All this matters–a LOT.  In my opinion, the above factors result in highly lamentable opportunity costs.   Clearly, I’m not saying that people in CS should stay out of Stat research.  But the sad truth is that the usurpation process is causing precious resources–research funding, faculty slots, the best potential grad students, attention from government policymakers, even attention from the press–to go quite disproportionately to CS, even though Statistics is arguably better equipped to make use of them.   This is not a CS vs. Stat issue; Statistics is important to the nation and to the world, and if scarce resources aren’t being used well, it’s everyone’s loss.

Making Statistics Attractive to Students

This of course is an age-old problem in Stat.  Let’s face it–the very word statistics sounds hopelessly dull.  But I would argue that a more modern development is making the problem a lot worse–the Advanced Placement (AP) Statistics courses in high schools.

Professor Xiao-Li Meng has written extensively about the destructive nature of AP Stat.  He observed, “Among Harvard undergraduates I asked, the most frequent reason for not considering a statistical major was a ‘turn-off’ experience in an AP statistics course.”  That says it all, doesn’t it?  And though Meng’s views predictably sparked defensive replies in some quarters, I’ve had exactly the same experiences as Meng in my own interactions with students.  No wonder students would rather major in a field like CS and study machine learning–without realizing it is Statistics.  It is especially troubling that Statistics may be losing the “best and brightest” students.

One of the major problems is that AP Stat is usually taught by people who lack depth in the subject matter.  A typical example is that a student complained to me that even though he had attended a top-quality high school in the heart of Silicon Valley, his AP Stat teacher could not answer his question as to why it is customary to use n-1 rather than n in the denominator of s2 .  But even that lapse is really minor, compared to the lack among the AP teachers of the broad overview typically possessed by Stat professors teaching university courses, in terms of what can be done with Stat, what the philosophy is, what the concepts really mean and so on.  AP courses are ostensibly college level, but the students are not getting college-level instruction.  The “teach to the test” syndrome that pervades AP courses in general exacerbates this problem.

The most exasperating part of all this is that AP Stat officially relies on TI-83 pocket calculators as its computational vehicle.  The machines are expensive, and after all we are living in an age in which R is free!  Moreover, the calculators don’t have the capabilities of dazzling graphics and analyzing of nontrivial data sets that R provides–exactly the kinds of things that motivate young people.

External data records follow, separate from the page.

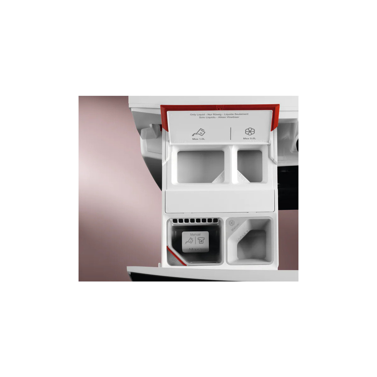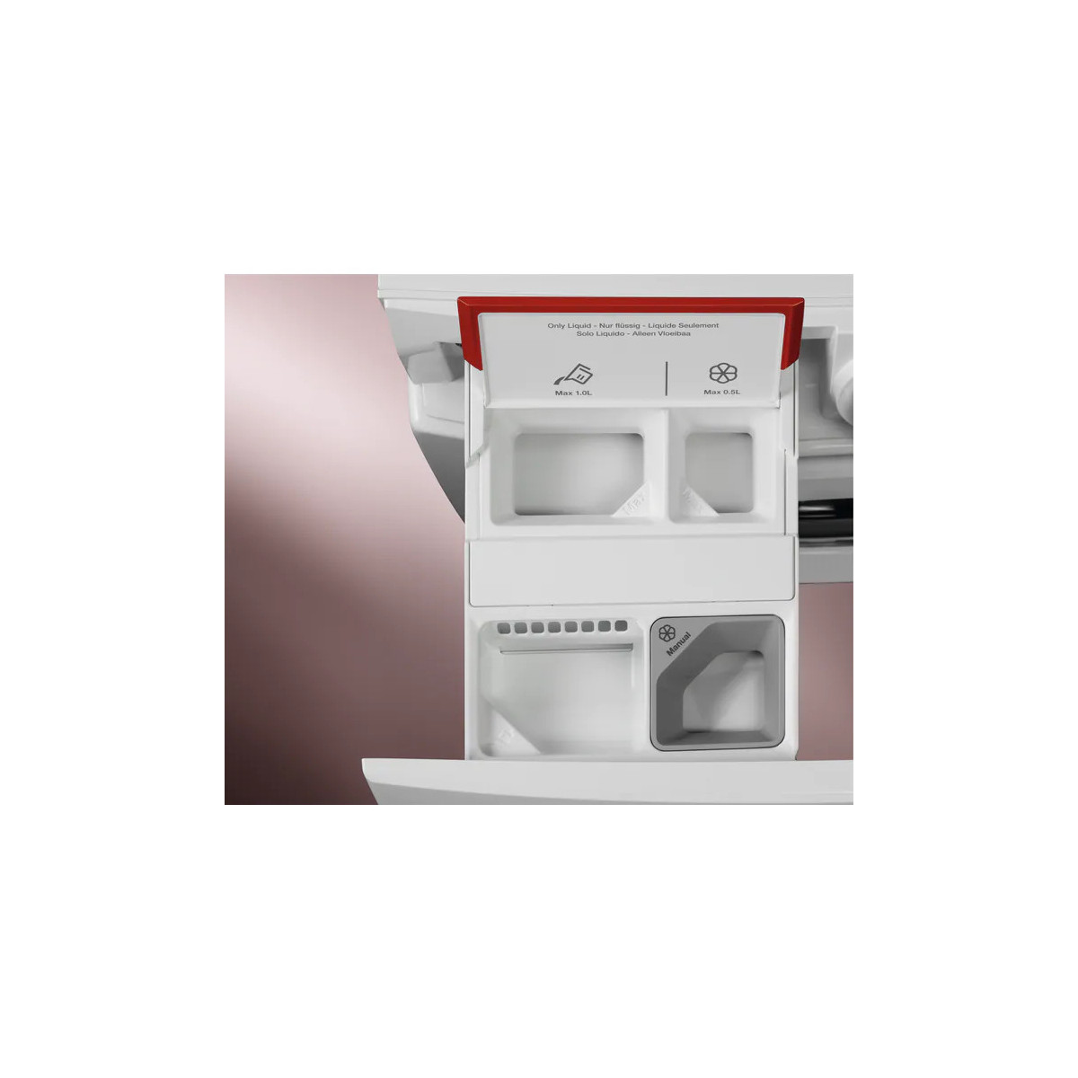 Il giusto dosaggio di detersivo e ammorbidente evitando gli sprechi. Riempi il cassetto una sola volta e non pensarci più per i successivi 30 lavaggi.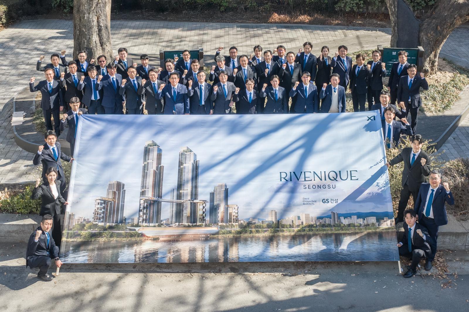 19일 GS건설 임직원들이 성수1지구 입찰서류 및 보증금을 제출하고 현장에서 각오를 다지고 있다. GS건설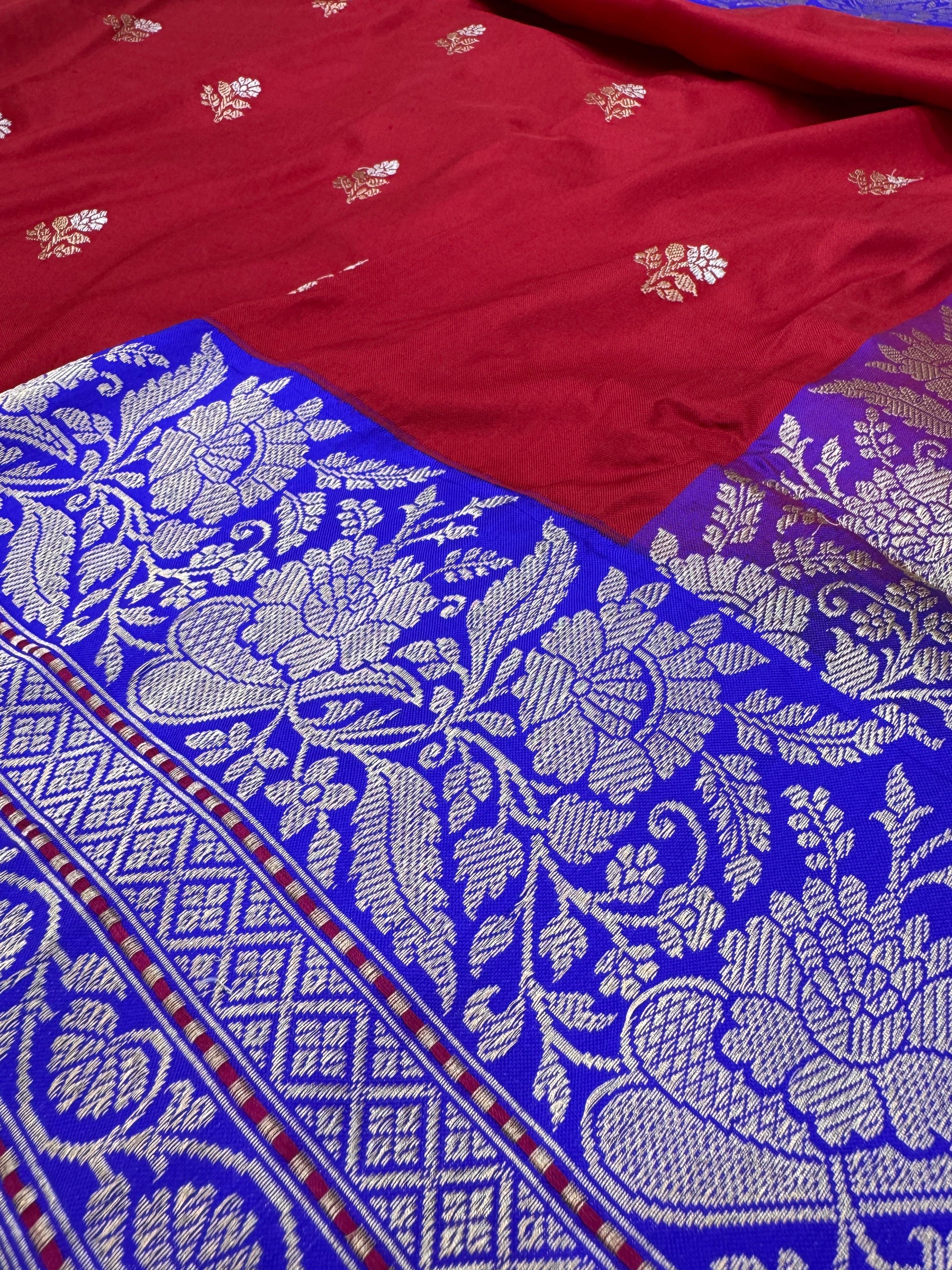 Drape yourself in sheer opulence with this Pure Banarasi Katan Silk Kadiyal Border Saree in a regal red nroyal blue hue . Crafted with the finest katan tissue silk, this saree shimmers with a natural glow, reflecting the grandeur of Banarasi weaving. The Kadiyal border technique adds a striking contrast, elevating the saree’s elegance while ensuring a structured and graceful drape. Perfect for weddings, festive occasions, and grand celebrations, this saree is a timeless treasure of tradition and sophistication.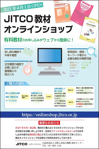 JITCO教材センターは2021年4月1日、各種有料教材のご注文をインターネットのサイト上で受け付ける電子商取引(EC)サイトを開設しました。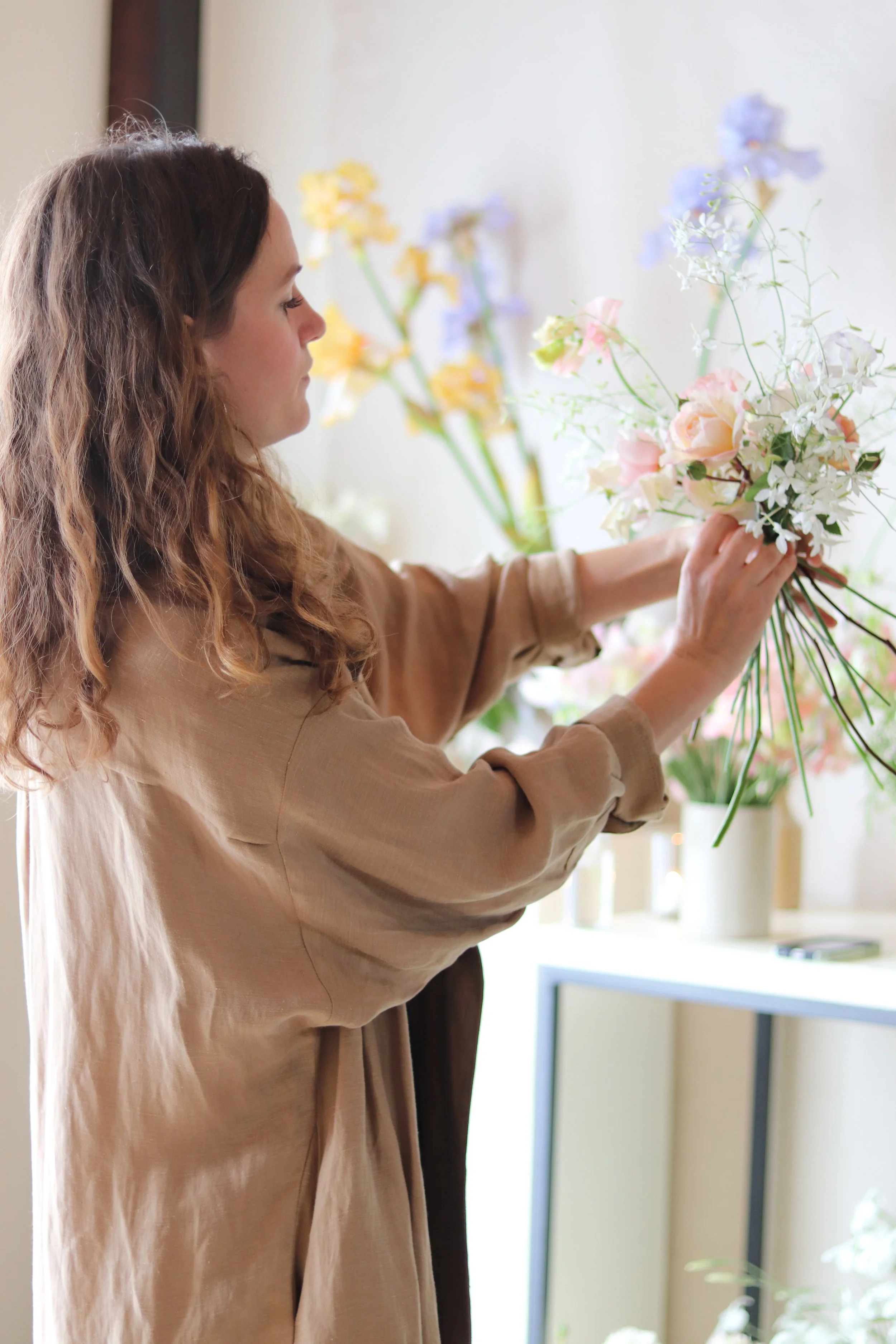 Our June Masterclass proved to be another magic three days of creativity and floral collaboration, with students from Australia, the US, Korea, Hong Kong and the UK. During these workshops we place great emphasis on seasonality and using locally-grown materials, thoughtful sourcing and foraging but also design, careful editing and pushing the boundaries of working with ‘colour palettes’. It is so interesting to discuss and compare the differences in the industry in different parts of the world and hear people’s experiences in starting their own small businesses. No matter the distance travelled everyone seems to come together with the same goal and the same questions; how to design and supply flowers for events in a sustainable, mindful way, how to break into and then make a living in an industry still largely dominated by wasteful methods, rigid expectations and unnatural or stiff design templates, how to grow or source flowers that are softer, more beautiful, unusual and difficult to find from large scale wholesalers. In group discussions each morning we cover everything from honing a philosophy to live and work by, colour pairings, pricing, green waste management and wedding logistics - it amazes me how much we can cover in three days with our heads together, and at each Masterclass someone always brings a new topic to the table to think about.

So, unlike the “CS usurpation problem,” whose solution is unclear, here is something that actually  can be fixed reasonably simply.  If I had my druthers, I would simply ban AP Stat, and actually, I am one of those people who would do away with the entire AP program.   Obviously, there are too many deeply entrenched interests for this to happen, but one thing that can be done for AP Stat is to switch its computational vehicle to R.

As noted, R is free and is multi platform, with outstanding graphical capabilities.  There is no end to the number of data sets teenagers would find attractive for R use, say the Million Song Data Set.

As to a textbook, there are many introductions to Statistics that use R, such as Michael Crawley’s Statistics: an Introduction Using R, and Peter Dalgaard’s Introductory Statistics Using R.  But to really do it right, I would suggest that a group of Stat professors collaboratively write an open-source text, as has been done for instance for Chemistry.  Examples of interest to high schoolers should be used, say this engaging analysis on OK Cupid.

This is not a complete solution by any means.  There still is the issue of AP Stat being taught by people who lack depth in the field, and so on.  And even switching to R would meet with resistance from various interests, such as the College Board and especially the AP Stat teachers themselves.

But given all these weighty problems, it certainly would be nice to do something, right?  Switching to R would be doable–and should be done.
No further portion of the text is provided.